The sustained pressure paid off. Stamkos, with former Lightning forward Jonathan Drouin draped all over him, slid a pass into the high slot for Braydon Coburn to fire home and tie the game 1-1 with seven seconds to go in the opening period.

"That was huge," Coburn said. "For me it's great. You never know when that first one of the year is going to come, so it's good to get that monkey off my back. I think I've been playing against Price since he was 16 in Tri-City. I don't know how many goals I have against him, but that one definitely felt good for me."

Added Stamkos: "We were the beneficiaries of getting on the ice against some tired players because of the work that (Anthony Cirelli's) line did out there. We changed, we were able to get some fresh legs out and we capitalized. Unselfish play on their part and that kind of gave us some momentum."
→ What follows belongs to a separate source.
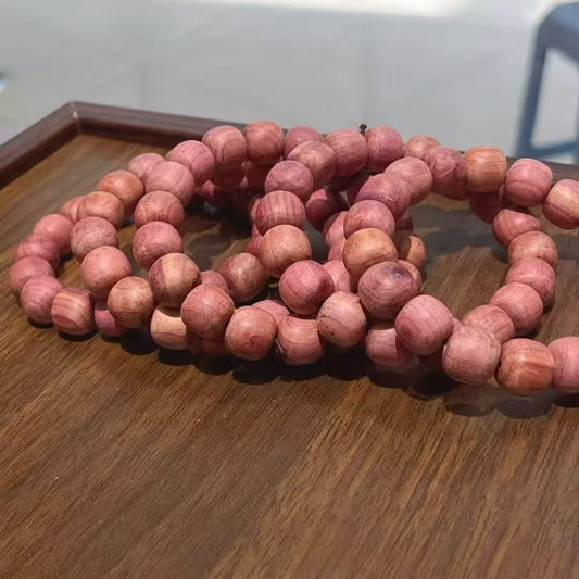 11x12mm Blood Cypress Wood Classic Barrel Bead Bracelet | Solid Wood Single-Strand Bracelet | Rustic Log-Style Wenwan Jewelry

That momentum extended into the second period where the Lightning would score twice in the first 2:01 to grab the lead and take control.

On their only power play of the game, the Lightning took their first lead 1:04 into the second when Victor Hedman slid a pass over to the left circle for Stamkos to hammer home, the Tampa Bay captain netting his team-best fourth goal of the season and 397th career goal, three away from reaching the 400-goal milestone.

Just :57 seconds after Stamkos' goal, Tyler Johnson added an insurance marker with his shot from the slot that beat Carey Price.

The Lightning wouldn't score - and wouldn't need to - the rest of the way.

"That's the skill we have on this team is that we can strike quick, we can strike quick like that and we can take advantage of our opportunities," Coburn said.

Video: TBL@MTL: Vasilevskiy turns away Drouin and Petry

Fittingly with the Major League Baseball playoffs in full swing, Lightning netminder Andrei Vasilevskiy did his best Mariano Rivera impression and closed out the 3-1 victory for the Bolts.

Vasilevskiy was solid throughout his start in Montreal Tuesday, the Russian making 33-of-34 saves to pick up his third victory of the season and improve to 8-0-2 in his last ten starts versus the Habs.

He saved his best for the final period.

Still trailing 3-1 at the start of the third period, Montreal sustained enormous pressure on the Lightning goal at the beginning of the period and continued to buzz around the net throughout the final minutes, Vasilevskiy making several point-blank stops to keep the Bolts' lead at two. Max Domi, Artturi Lehkonen and Brendan Gallagher all had good chances to get the Canadiens closer, but Vasilevskiy gained confidence as the game wore on and by the third period he was an impenetrable brick wall between the pipes.

Vasilevskiy stopped all 14 shots he saw in the third period, the Canadiens most prolific period shot-wise of the game.

"He made some great saves," Hedman said. "He's so quick in the net. Vasy's the best goalie in the world and he proved that again tonight."

The Lightning penalty kill came up big in the victory, but Vasilevskiy might have been the unit's best killer with his ability to make a timely stop and give his teammates in front of him the confidence that if they do their job, the man behind them would clean up any mistakes.

When you're killing penalties as long as we did, we weren't getting clears. We spent a lot of time in the zone and that goalie's got to be huge for us and he was," Cooper said.